> _INSTRUCTIONS FOR THE TASK_:
Only one stretch of the records below should be repeated. It starts with the line containing "Questa rappresentazione artistica" and goes on through the line containing "углом раскрытия 40°", exactly as written.

> _INPUT FOR THIS TASK_:
☆ ☆ ☆

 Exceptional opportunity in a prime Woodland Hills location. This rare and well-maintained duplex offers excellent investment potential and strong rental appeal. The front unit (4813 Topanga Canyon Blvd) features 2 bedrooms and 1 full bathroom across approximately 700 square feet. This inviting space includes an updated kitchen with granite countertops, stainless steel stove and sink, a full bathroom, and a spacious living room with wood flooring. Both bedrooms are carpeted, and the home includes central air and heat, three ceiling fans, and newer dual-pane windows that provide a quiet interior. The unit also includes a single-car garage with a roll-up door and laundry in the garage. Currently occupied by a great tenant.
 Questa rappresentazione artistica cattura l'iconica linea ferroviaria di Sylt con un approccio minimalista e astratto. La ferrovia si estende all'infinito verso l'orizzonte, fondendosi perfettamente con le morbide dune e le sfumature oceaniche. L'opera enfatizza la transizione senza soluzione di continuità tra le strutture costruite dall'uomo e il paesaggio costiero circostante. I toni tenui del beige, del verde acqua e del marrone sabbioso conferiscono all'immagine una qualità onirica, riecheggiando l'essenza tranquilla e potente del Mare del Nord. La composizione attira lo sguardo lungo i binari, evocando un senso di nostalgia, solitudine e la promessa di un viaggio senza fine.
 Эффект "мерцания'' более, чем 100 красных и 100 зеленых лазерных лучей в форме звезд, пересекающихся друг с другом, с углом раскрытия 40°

☆ ☆ ☆

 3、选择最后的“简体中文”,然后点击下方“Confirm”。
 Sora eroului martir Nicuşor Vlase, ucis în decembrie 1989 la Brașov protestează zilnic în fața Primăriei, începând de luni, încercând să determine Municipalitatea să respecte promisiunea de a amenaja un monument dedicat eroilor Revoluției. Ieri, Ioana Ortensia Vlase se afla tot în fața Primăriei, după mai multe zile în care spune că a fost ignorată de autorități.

☆ ☆ ☆

> _YOUR RESPONSE_:
 Questa rappresentazione artistica cattura l'iconica linea ferroviaria di Sylt con un approccio minimalista e astratto. La ferrovia si estende all'infinito verso l'orizzonte, fondendosi perfettamente con le morbide dune e le sfumature oceaniche. L'opera enfatizza la transizione senza soluzione di continuità tra le strutture costruite dall'uomo e il paesaggio costiero circostante. I toni tenui del beige, del verde acqua e del marrone sabbioso conferiscono all'immagine una qualità onirica, riecheggiando l'essenza tranquilla e potente del Mare del Nord. La composizione attira lo sguardo lungo i binari, evocando un senso di nostalgia, solitudine e la promessa di un viaggio senza fine.
 Эффект "мерцания'' более, чем 100 красных и 100 зеленых лазерных лучей в форме звезд, пересекающихся друг с другом, с углом раскрытия 40°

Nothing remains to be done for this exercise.